ALWAYS: Hold onto your phone
Thanks to multiple viewings of Veep, I have learned that important people hold their phones. They clutch them. They look down at them. They frown in their general direction, as if receiving news so important, the rest of us couldn’t possibly understand. And now you must do the same. Nobody knows you. Nobody knows what mysteries your phone could hold. Nobody knows what correspondence you could be on the receiving end of, perhaps from a movie star or more realistically, the sender of a mailing list you never signed up for.

But it doesn’t matter. You hold onto that phone, and you clutch it accordingly. You pepper every strange silence by opening your email and whispering, “What?!” to yourself, as if you’ve been bombarded with a task. Then, when it seems like Jennifer Lopez will never notice you in line for the bathroom, you interrupt any nearby conversation and say, “Speaking of which” while waving your phone in the air. Now you seem busy and important. More so than J Lo, who’s still confused as to why you’re in her hotel room.

ALWAYS: Wear your accreditation
“Hey, are you a celebrity?” This is what you will be asked repeatedly when being a person, 42 blocks away from any TIFF event, still wearing your lanyard. To which you will respond with a polite smile and nod, not confirming nor denying the claims brought against you. Because a celebrity would never say “Yes, I am Tom Hanks.” And they would absolutely carry around their complimentary tote bag around while nursing a Starbucks. It doesn’t matter that you asked the question of yourself, to yourself, while looking deep into an elevator mirror. Today you are a celebrity. Your accreditation means you can walk with purpose.

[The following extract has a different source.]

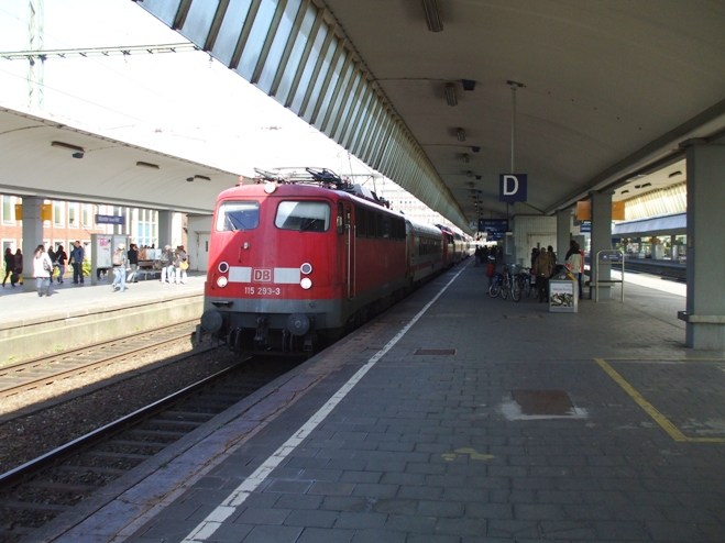 Wo ich im letzten Jahr mit aufgehört hatte, fange ich wieder an: Außerplanmäßig wurde der IC 2332 von Emden-Außenhafen nach Köln Hbf am 23.08.2009 mit der 115 114-1 bespannt. (Münster-Zentrum Nord)

ALWAYS: Go to a TIFF party
Always. Under every circumstance. Will they be the ones a famous person is at? Likely not, because those are hard to get into and then when you doget into them, said celebrity is likely hanging out with their friends because why would they walk around just introducing themselves to strangers? (I don’t know. But I thought that was what happened until like, three years ago, and I was proven very, very wrong.) But other parties, graced by the TIFF title, won’t be a bad time. I mean, they’re parties. How bad can they be? What else are you doing? At some point, you will see tiny foods and you will get to eat them. Maybe you can even enjoy a beverage. I don’t know and I can’t say for sure.

Because I don’t really like those kind of parties. Last night, I showed up at something dressed like Meg Ryan in You’ve Got Mailwith a canvas tote and everybody else was wearing heels and very nice ensembles. So I mean, they’re really just not my jam, and I’d rather go to a restaurant with my best friends. But you’re not me. And you’re at TIFF. And you’ll likely have figured out the dress code, and that you can sustain yourself entirely on complimentary food and drink and have me to thank for reminding you of this.

ALWAYS: Make eye contact with a famous and roll your eyes like you’re in on the same joke
This works only if you do not know each other, and you are standing alone, suggesting that whoever said celebrity is talking to might be the worst. This will confuse them and give you a power that will last only for as long as you’re both in attendance. “What do they know?” said celebrity will think, worried that they’re throwing their career away by speaking to someone who should be enemy. Then you will be mysterious, planting the seed of, “Wait? Who was that? What was that about?” for minutes to come.

Just don’t do it if you see them talking to me. I mean, I am the worst, but no famous person needs to know that. (Yet.)